**Data below**.
- - -
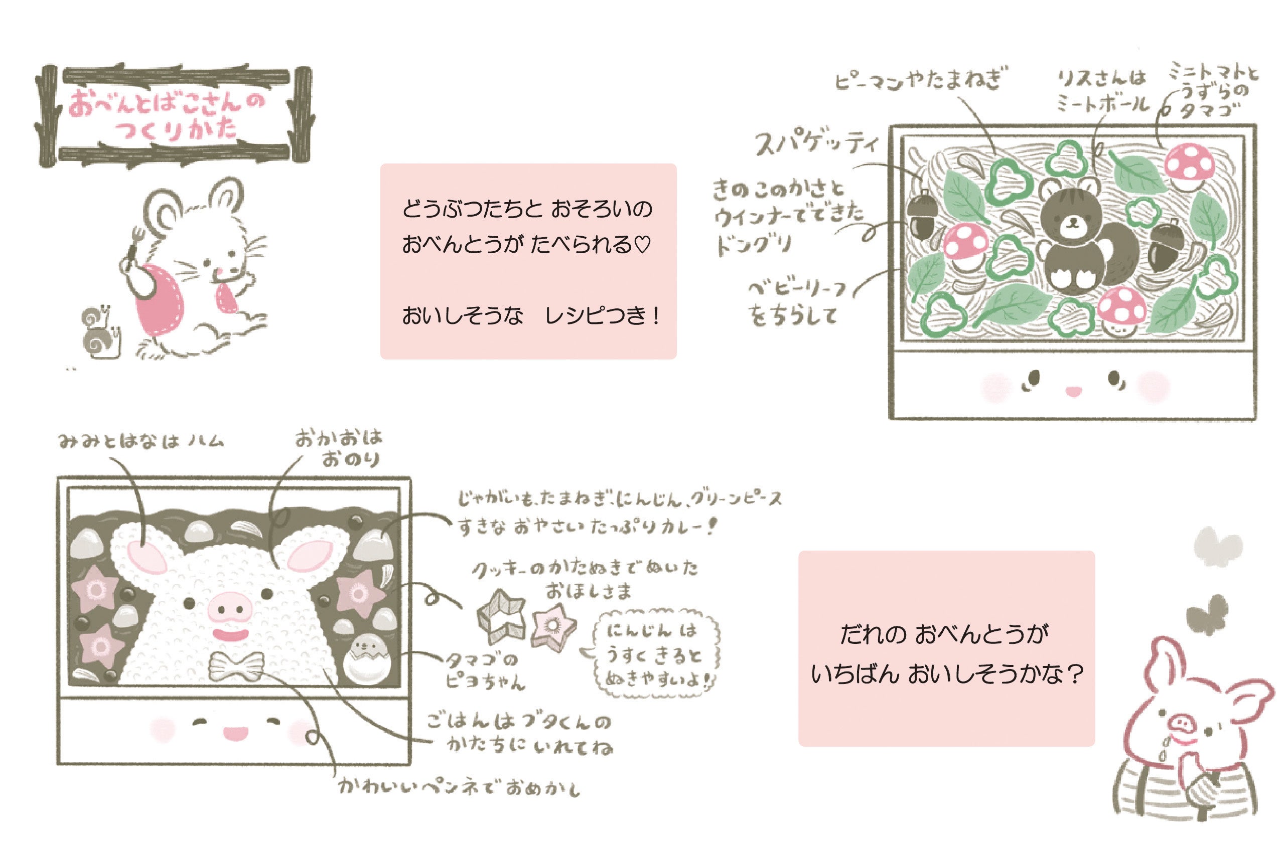 - かわいいおべんとう!このたべものは〇〇!と大興奮で楽しく読みました。色あいもイラストもとっっってもカワイイです。
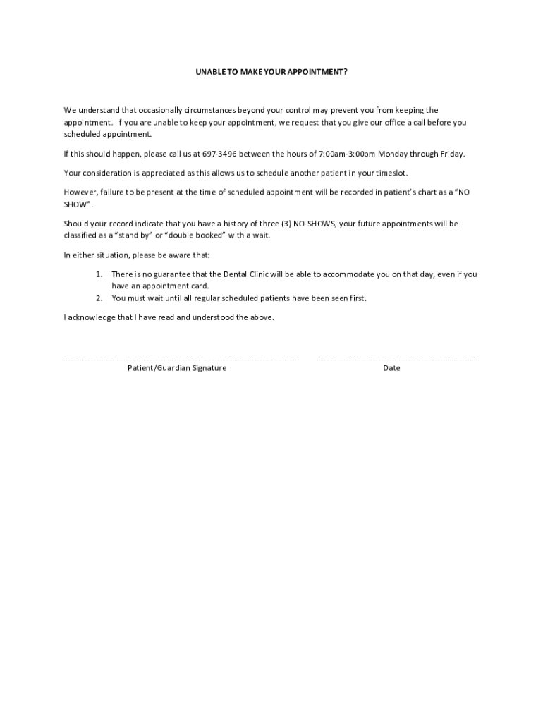 UNABLETOMAKEYOURAPPOINTMENT? Weunderstandthatoccasionallycircumstancesbeyondyourcontrolmaypreventyoufromkeepingthe appointment. Ifyouareunabletokeepyourappointment, werequestthatyougiveourofficeacallbeforeyou
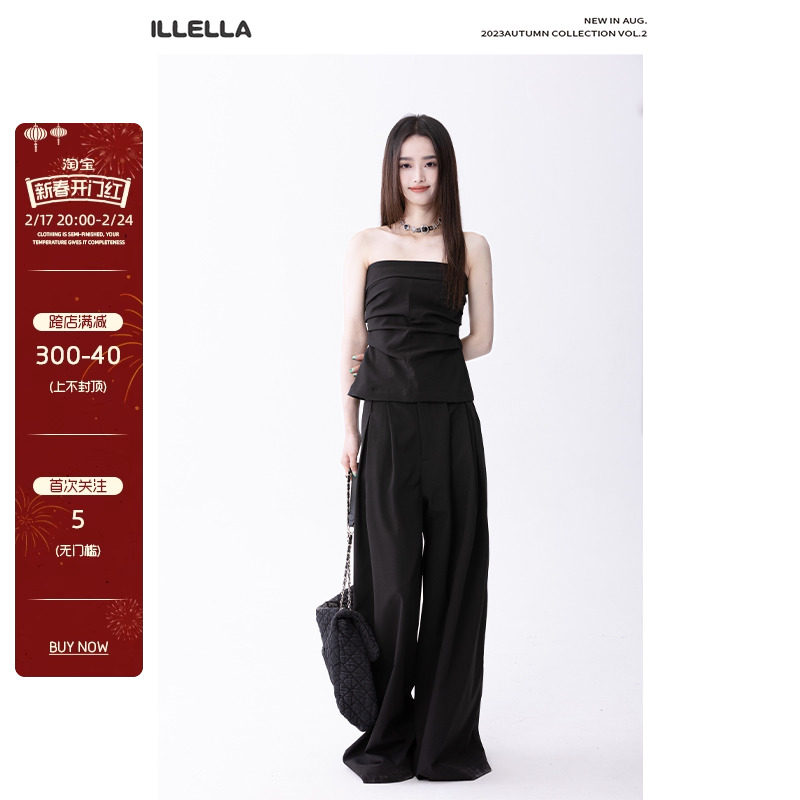 ILLELLA 黑色两件套春夏抹胸休闲阔腿高腰休闲裤无袖上衣时尚套装
- - -
**What is expected**. Retype the whole of the data verbatim. Skip every picture.

**Written solution**.
 - かわいいおべんとう!このたべものは〇〇!と大興奮で楽しく読みました。色あいもイラストもとっっってもカワイイです。
 UNABLETOMAKEYOURAPPOINTMENT? Weunderstandthatoccasionallycircumstancesbeyondyourcontrolmaypreventyoufromkeepingthe appointment. Ifyouareunabletokeepyourappointment, werequestthatyougiveourofficeacallbeforeyou
 ILLELLA 黑色两件套春夏抹胸休闲阔腿高腰休闲裤无袖上衣时尚套装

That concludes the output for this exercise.